A data analysis employing diverse algorithms in the data preprocessing step was conducted across six datasets, ranging from small/medium linear or macrocyclic peptides to oligonucleotides with natural and unnatural monomers. Two peak detection approaches were evaluated: using the monoisotopic mass versus the most abundant isotope for mass calculation. Additionally, an exploration of two distinct structure visualization options was conducted for one of the datasets. Furthermore, data obtained through two different acquisition modes was processed. The computational time required for data processing was recorded throughout, ranging from 5 minutes to 2 hours per experiment. The results have been compared against prior studies, revealing substantial reductions in processing time, consistent identification of degradation products, and improved visualization techniques, thereby enhancing result interpretation.

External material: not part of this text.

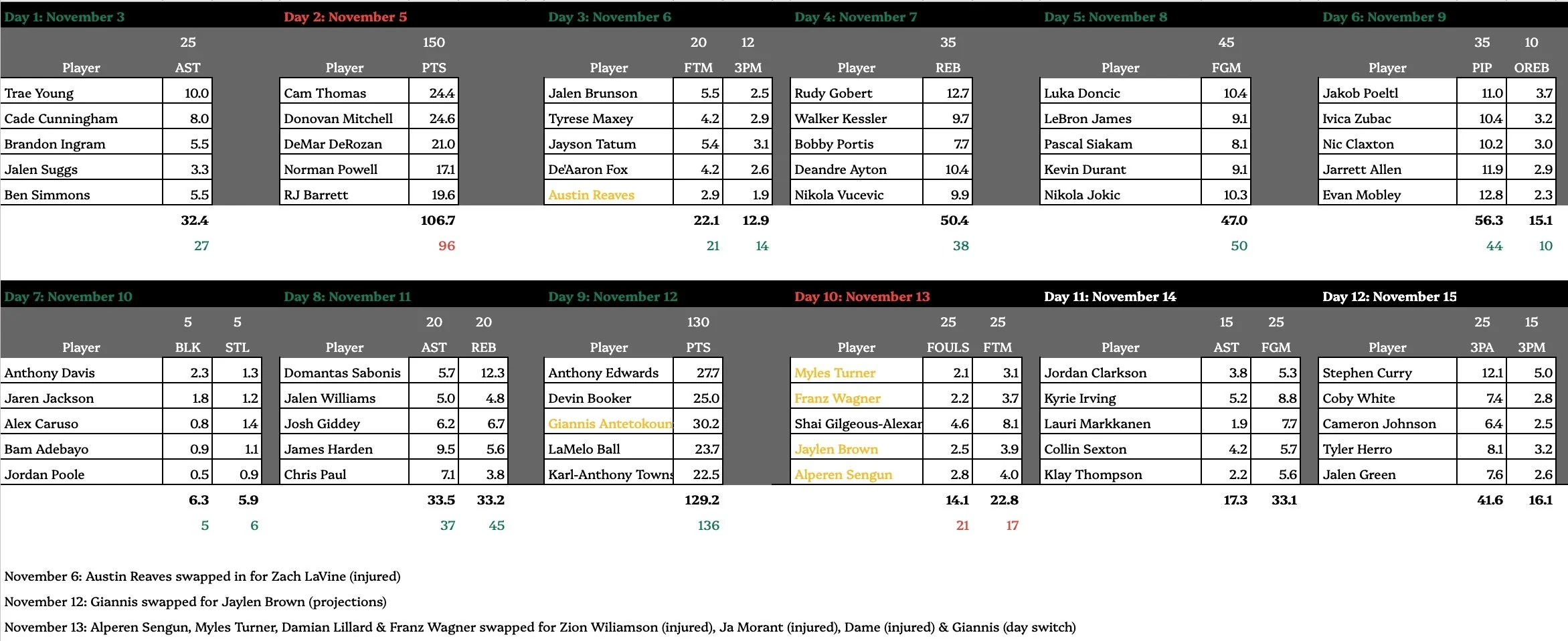 Of the top five players utilized, DeMar DeRozan left the game due to lower back tightness and SGA only had 3 fouls drawn and 2 free throws made, which likely led to the low win percentage on Day 10. Sengun was the 6th most utilized player and although he had a decent statistical day (double-double), he drew no fouls and made no free throws. Ouch. If, however, you had Giannis in your lineup, he covered half of the fouls drawn and 64% of the free throws you needed. If you were one of the 30% who won, chances are you had Giannis in your lineup.

A comprehensive identification of 970 metabolites was achieved under varied incubation conditions across the six datasets, showcasing the workflow’s efficiency in managing experimental data within a molecular range from 700 to 7630 Daltons (Da). Particularly in larger molecules, the most abundant mass algorithm demonstrated higher scores and a greater number of matches, instilling greater confidence in the accurate prediction of metabolite structures. It has been illustrated how the visualization algorithm for macromolecules allows the combination of monomer and atom/bond notation, facilitating a clear depiction of metabolic changes in the molecular structure.